Change-making work by its nature requires us to push past our comfort zone and interact with problems that we have been intentionally conditioned to fear. Even for the bravest of us, this is nerve-wracking. Being able to individually and collectively manage the disorienting emotions and overwhelm that are automatically induced by entering into the unknown is the key, we argue, to being able to successfully transform systems of racism, inequity, and oppression. Because we do need distress – just not too much and not too little. Too much distress and we’re traumatized by the very issues we’re working to solve, trying to do it all and do it now, and ending up burning ourselves out before we see progress. Too little distress and we fail to see the full reality of the problem, working around the edges but with no substantive change.

And even if we are able to right-size our distress, we still need to be able to manage it well. When we feel distress, our bodies and minds have “go-to” ways to manage that distress – ways that can be damaging to our collaborative dynamics and to our overall clarity. As we move towards these really risky and unconventional ways of acting in the world, we need to learn to transmute our default and usually not-helpful ways of doing this work.

So, how do we do that?

We do that by connecting with the sources of distress in our work, and getting on the same page about the right amounts of distress. We do that by understanding and seeing more clearly our individual and team-wide default ways of managing that distress. We do that by learning how to create team structures that help individuals and the team manage distress collectively, and more productively. We do that by working to become safe and connected teams.

There are three key aspects that can help a team continuously reorient themselves towards being safe and connected, even as our work and the world around us push us towards being unsafe and disconnected:

  1. Purpose - What exactly is it that we’re trying to do together, that we can’t do alone? What are each of our individual connections to the work, and how do we acknowledge and productively use those connections to help us understand what we’re doing together more clearly. How do we understand the varying depths and flavor of emotional (and potentially traumatic) connection we each hold to the systems of oppression we’re working to redesign, and then attune to and attend to those emotions for the purpose of better understanding each other as collaborators and right-sizing our collective emotional distress?
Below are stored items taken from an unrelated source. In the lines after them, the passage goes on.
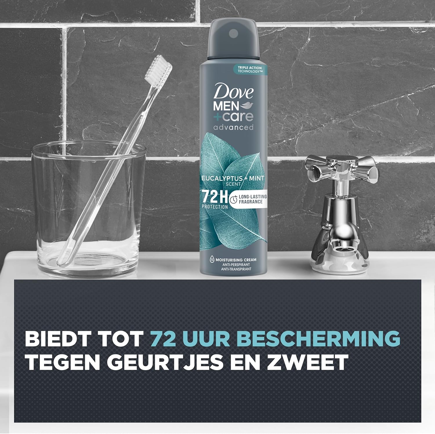 Over het product: Dove Men+Care Advanced Eucalyptus + Mint Anti-Transpirant Deodorant Spray met anti-bacteriële geurbestrijding beschermt tot 72 uur lang tegen zweet en nare geurtjes, heeft een langdurig frisse geur en verzorgt je oksels. Met een frisse, mannelijke geur voel jij je langdurig fris en zelfverzekerd. Deze Dove Men+Care anti-transpirant met 1/4 hydraterende crème verzorgt de okselhuid, zo behoren irritaties door zweet en scheren tot het verleden. Je krijgt een gehydrateerde en beschermde huid en gladde, comfortabel aanvoelende oksels. Dove Men+Care biedt naast anti-transpiranten ook deodoranten aan. Beide geven een langdurig fris gevoel en hebben een verzorgende werking voor de kwetsbare okselhuid. Anti-transpiranten bevatten aluminiumzouten die de hoeveelheid zweet verminderen en ervoor zorgen dat je oksels droog blijven, zodat onaangename geurtjes geen kans krijgen. Deodoranten bevatten geen aluminiumzouten, maar wel actieve ingrediënten die ongewenste geurtjes bestrijden. Beide formules zijn vrij van alcohol dus welke je ook kiest, je kunt altijd vertrouwen op bescherming, frisheid en heerlijk zachte en verzorgde oksels. Hoe te gebruiken: Klaar voor een langdurig fris gevoel? Schud de spuitbus eerst even voor gebruik en houd deze 15 cm van je oksels. Geniet vervolgens van de bescherming en verzorging die je verdient. Wacht een paar seconden na het aanbrengen van je anti-transpirant spray voordat je je favoriete shirt aantrekt, om vlekken te voorkomen. Dit geeft de anti-transpirant deodorant de tijd om te drogen en zorgt ervoor dat je volledig beschermd bent. Over Dove Men+Care: Dove Men+Care hanteert een andere definitie van kracht: een waarin verzorging centraal staat. Omdat Dove Men+Care gelooft dat verzorging een man sterker maakt. Echte kracht blijkt uit de manier waarop je zorgt voor mensen die belangrijk zijn, inclusief jezelf. Of je nu op zoek bent naar een deodorant die je de hele dag een fris en droog gevoel geeft of naar een douchegel om je huid te hydrateren. Dove Men+Care huidverzorgingsproducten zijn ontworpen om je huid te beschermen en te verzorgen.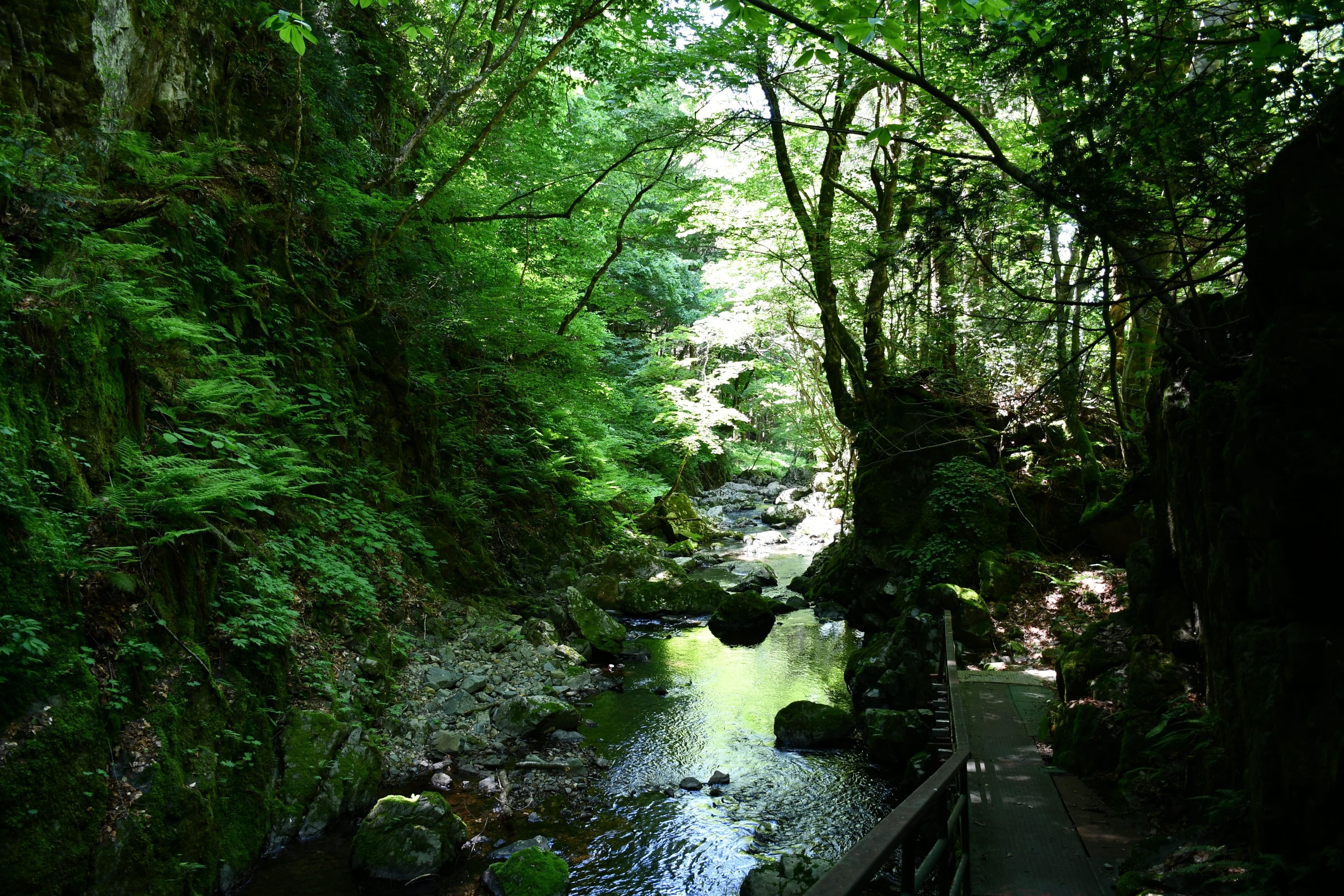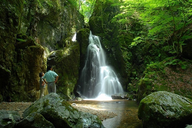 まるで山水画のような、巨岩に包まれた「山乗渓谷」。涼水亭はそんな渓谷の中にあります。遊歩道を進めばマイナスイオン溢れる「不動滝」も。真夏でも渓谷の気温は21℃。夏休みの観光にもぴったりです。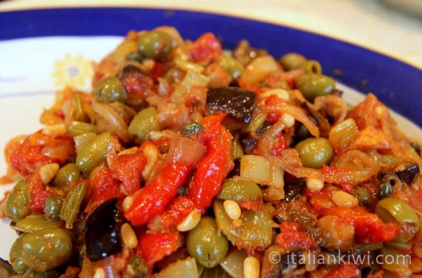 Caponata is the super-hero of dishes: is it an aperitif? Is it a main dish? Is it a side? Or, is it a pasta sauce? It's everything! You can't beat that….maybe if you add enough sugar, or some whipped cream, it could also become a strange nouvelle cusine dessert…..This is a "plate-of-all-trades". It's a fabulous mixture of aubergine (eggplant), capsicum, onions, olives, and capers that can be nearly any part of a menu you want it to be. You can eat it hot, tepid or cold. You can add more of one ingredient and less of others, depending on your tastes. This dish is eaten everywhere in Sicily, Italy. It's perfect for hot Summer days!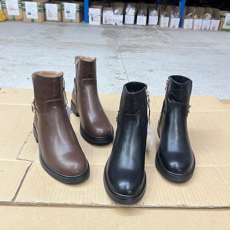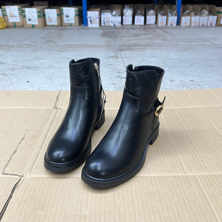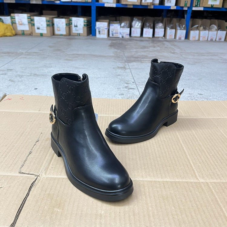 短靴 圆头纯色粗跟侧拉链皮带扣时装 Lady Shoes外贸原单女靴时尚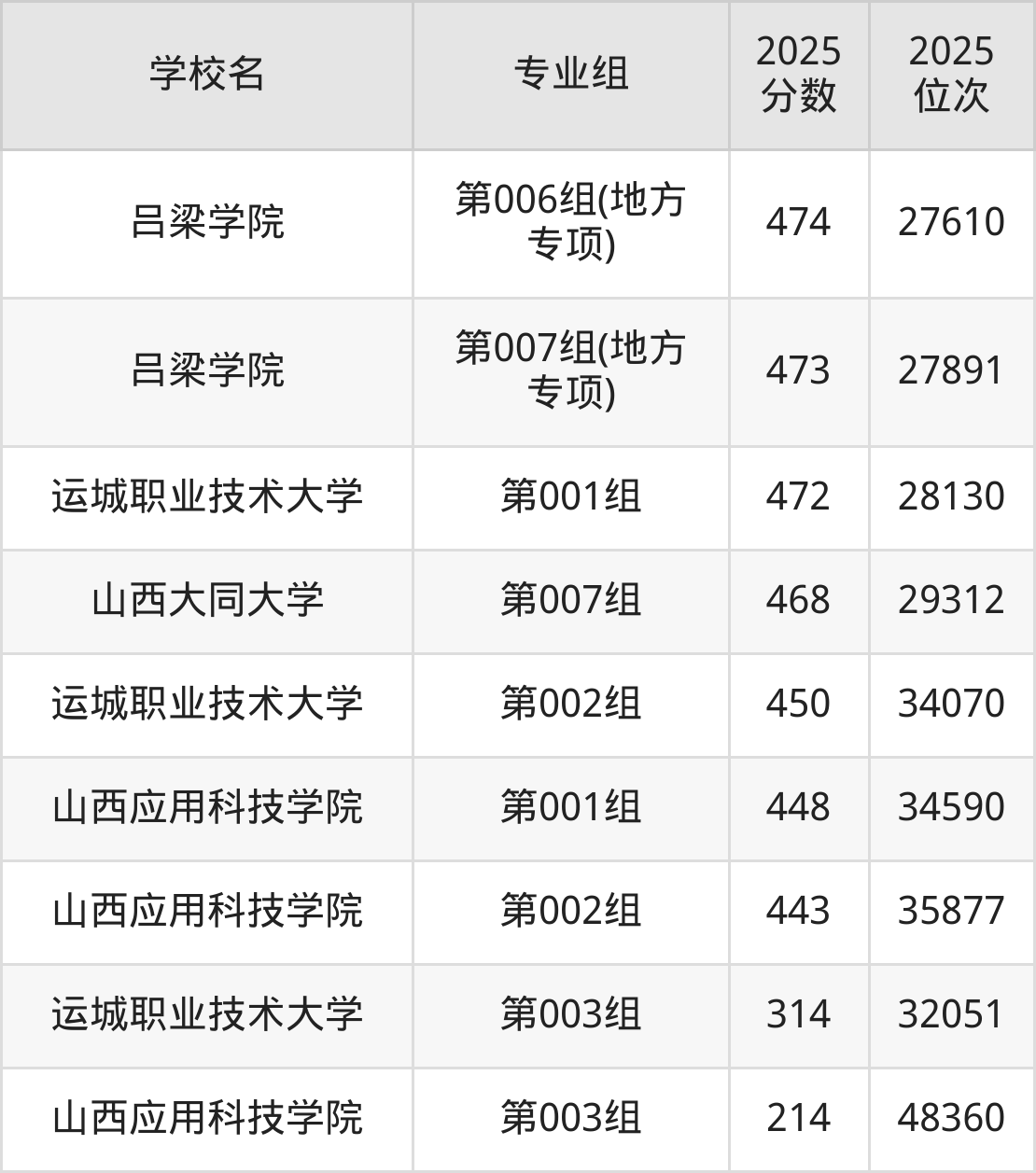 物理类最好考、收分最低的是:山西应用科技学院,2025年第305组最低分241分,最低排名58961名;历史类最好考、收分最低的是:山西应用科技学院,2025年第003组最低分214分,最低排名48360名。

  2. Team Nervous System - Teams, like individuals, have a default way of responding to distress. Teams have histories and beliefs that determine what an appropriate response is to stressful situations. Under deep stress – the kind of distress that people who are working to innovate against systems of oppression are in – we can see teams' collective nervous systems become dysregulated and stay there, falling into team versions of the “triggered” states of flight, flight, freeze, and fawn. We have grown accustomed to using the umbrella term “culture” to describe these responses, but what is really at the core – and what needs to be addressed – is the team nervous system. In the same way that there are practices helpful for calming an individual’s nervous system and getting them out of their dysregulated state (fight, flight, freeze, fawn) and into a safe state, there are ways we can do this as a team. Once we can spot our team’s dysregulation, we can proactively work to regulate ourselves before we get caught in a counterproductive team dynamic.

  3. Organizational Resources - There are also ways that we can set up our environment – our organization’s systems, policies, and practices – such that we can proactively support our team’s nervous system regulation. This can be done by ensuring there are 5 key resources available to the team: Encouragement, Correction, Rescuing, Soothing and Celebration. Organizations are likely already strong in providing some of the key resources, and weaker in other areas – or, great at providing resources to some people in the organization but not so great at providing them to others. It’s important to assess both the presence and the equitable distribution of each of these resources, and then make a plan to supplement and potentially redistribute them as a way to create a container that can tolerate high levels of distress without pushing the team into dysregulation.


We’d love to take your team through our one-day “Team Nervous Systems” retreat. We’ll walk you through how to understand what is underneath the not-so-productive ways you’re working together through the lens of your team’s nervous system, and then work together to create what your team needs in order to be in and maintain a more regulated team nervous system state.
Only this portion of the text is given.